The Type/Token Ratio (TTR) measures a text’s “vocabulary diversity.” It is obtained by dividing the number of unique words (types) in a text by the total number of words (tokens), and multiplying the quotient by one hundred to express it as a percentage. The higher a text’s TTR over a given number of words — the more unique words it employs in that span — the “wordier” it is. Since wordy texts can be confusing, the TTR provides a quantitative method of measuring a certain kind of difficulty. (A useful tool for getting TTR data is TAPoR’s List Words tool.)

As one might expect, a lot of texts from the notoriously “difficult” modernist period have exceptionally high TTRs. I challenge you, for example, to find a long novel with a higher TTR than Joyce’s Ulysses — or a long poem with a higher TTR that Eliot’s The Waste Land.

One might expect that To the Lighthouse — another modernist classic with a reputation for difficulty — would also have a high TTR, and that high vocabulary diversity might help to explain the challenge it poses to many readers. In fact, a few quick calculations show that this is not the case at all.

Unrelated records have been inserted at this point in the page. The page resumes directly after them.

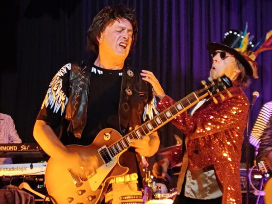 Lokalmatador Calo Rapallo mit Friends heizten in der Alten Kelter mächtig ein. Mit Musik von Jimi Hendrix, Eric Clapton, J. Page, Jeff Beck wurde durch verschiedene Stilrichtungen – von Rock, Funk, Soul, über Heavy Metall, Blues bis zum Politfolk – gestreift. Die Liebe der Musiker jedoch, gehört dem Blues. Die Musik ging durch und durch. Heiße Rhythmen und fetzige Solis verzückten das Publikum. Begleitet wurde Rapallo von Frank Mühlberger am Bass, Thomas Kelsch an den Drums und Jean Pierre Barrache an den Keyboards. Grandios!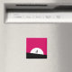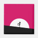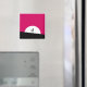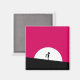 A magnet with a cool zombie dude. Pink and black bold vibrant color scheme. A zombie silhouette with arms outstretched on the hunt for brains. A big white moon illuminates from behind.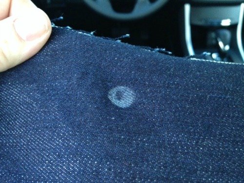 14. Back to your car… remove the seat head rest. Usually, this can be done by holding the retracting button (the button that makes it go back down) and pulling straight out. Place your seat cover on the seat, ensuring the elastic is in the correct place and the seat is evenly covered in the back. Using chalk or a fabric pen, mark the holes where the head rest posts go at the top of the seat cover (Remember, when we measured we measured to the center of the posts?) Return to the sewing machine and determine what size button hole you will need to make for the posts to fit through. Sew two button holes, one for each post. Cut fabric to create button hole.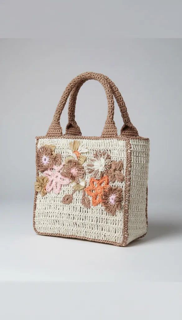 Bej Kağıt İpten Örme Çiçek Detaylı Kutu Çanta El Emeği

Among a selection of Woolf’s novels, for example, To the Lighthouse has one of the lowest TTRs.

Types

Tokens

TTR

Between the Acts

6,996

44,980

15.6%

Jacob’s Room

6,709

44,980

14.9%

The Waves

6,490

44,980

14.4%

The Voyage Out

6,166

44,980

13.7%

To the Lighthouse

5,280

44,980

11.7%

The Years

5,066

44,980

11.2%

(Sample size here has been standardized to the length of the shortest novel in the comparison set, Between the Acts, which is 44,980 words long. We are only looking at the first 44,980 words in the other novels. We need to do this in order to compare “apples to apples” — longer texts always tend to have lower TTRs, given the repetitions that become increasingly unavoidable the longer one goes on. So it’s not fair — or revealing — to compare texts of different lengths.)

As you can see, while To the Lighthouse is subjectively one of more challenging of Woolf’s novels, it has one of the lowest TTRs.

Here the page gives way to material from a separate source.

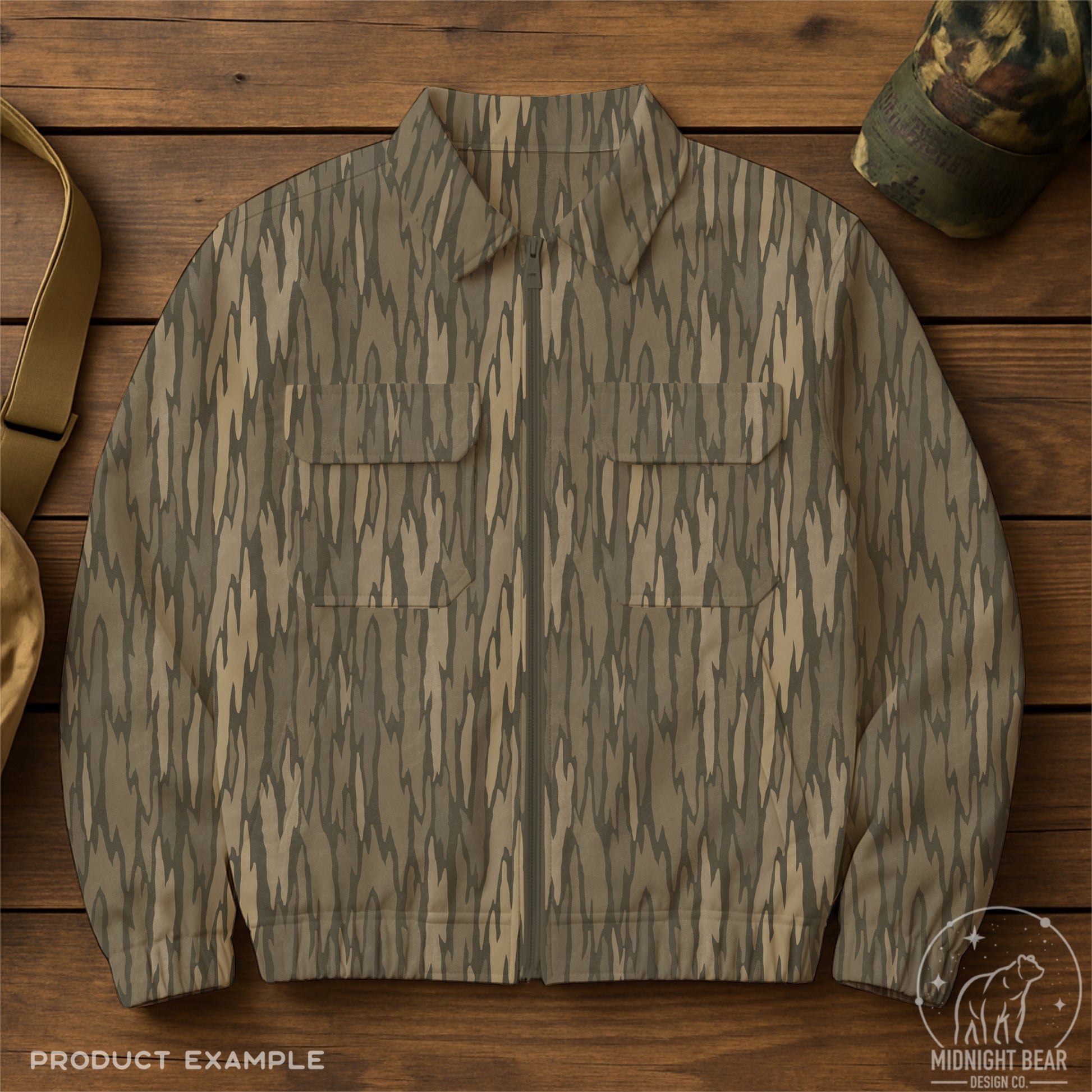 Blend effortlessly into the great outdoors with this Light Bark Camo Seamless Pattern! Inspired by classic timber camouflage, this design features vertical bark-like shapes in warm earthy tones — including tan, olive, sand, and deep forest green. The soft, textured finish gives it a rugged yet refined look that works beautifully for both modern and vintage outdoor themes.

When compared to a few important novels by other modernists, the differences are more striking still. (This time we’re standardizing the sample size to the shortest text in the comparison set, To the Lighthouse, which is 70,090 words long. We are counting the first 70,090 words in the other texts.)

Types

Tokens

TTR

James Joyce, Ulysses

11,441

70,090

16.3%

Joseph Conrad, Nostromo

8,990

70,090

12.8%

William Faulkner, Absalom! Absalom!

6,928

70,090

9.9%

Virginia Woolf, To the Lighthouse

6,925

70,090

9.9%

To the Lighthouse comes last in this comparison set: while its TTR is only very slightly lower than Absalom! Absalom!, it is massively lower than Ulysses, and significantly lower than Nostromo. This table suggests that while vocabulary diversity might contribute to the difficulty of Ulysses and Nostromo, other factors must be at work in Absalom! Absalom! and To the Lighthouse.

Among these four reputedly “difficult” modernist works, To the Lighthouse has the lowest TTR. But how does it compare to “easy” novels from its own period — novels that sold well and were read widely? A TTR set comparing it to best-sellers from 1927 — the year that To the Lighthouse was published — reveals that it had a low TTR even by their standard.

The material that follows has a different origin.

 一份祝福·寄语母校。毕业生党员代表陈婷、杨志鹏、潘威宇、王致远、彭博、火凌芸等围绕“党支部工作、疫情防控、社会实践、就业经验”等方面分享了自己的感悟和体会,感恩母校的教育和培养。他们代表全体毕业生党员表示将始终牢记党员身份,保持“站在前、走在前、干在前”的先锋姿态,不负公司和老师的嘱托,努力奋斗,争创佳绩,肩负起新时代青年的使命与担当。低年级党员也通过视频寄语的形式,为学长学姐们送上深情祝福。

(Each of these novels made Publisher’s Weekly’s top-ten year-end best-sellers list. They were chosen for this comparison because electronic editions were readily available.)

Types

Tokens

TTR

Sinclair Lewis, Elmer Gantry

8,966

70,090

12.6%

Edith Wharton, Twilight Sleep

7,955

70,090

11.2%

Warwick Deeping, Doomsday

7,501

70,090

10.6%

Virginia Woolf, To the Lighthouse

6,925

70,090

9.9%

Once again, To the Lighthouse comes in last in TTR. (This chart might suggest that books with high TTRs are not necessarily perceived as “difficult” — that high vocabulary doesn’t necessarily turn off readers.)

All of these numbers combine to show that while many readers perceive To the Lighthouse to be difficult, it cannot be high vocabulary diversity that accounts for this perceived difficulty. The quantitative data thus backs up our qualitative impression: that it is not “wordiness,” but rather vocal complexity, that poses a challenge to readers of the novel.

In order to verify this last hypothesis quantitatively, we would need a numbers-based method for assessing a text’s vocal complexity. This is one of the aims of our algorithmic method for detecting free indirect discourse (FID). Since FID inescapably introduces confusions of voice, a high proportion of FID in a novel might serve as a good marker of its vocal complexity — and perhaps of its “difficulty” as well.

While TTR does a poor job of differentiating quantitatively between readers’ responses to Absalom! Absalom! and Doomsday, a quantitative index of FID might much more accurately reflect the effort that a reader must exert in navigating their respective texts.

We’re working on it!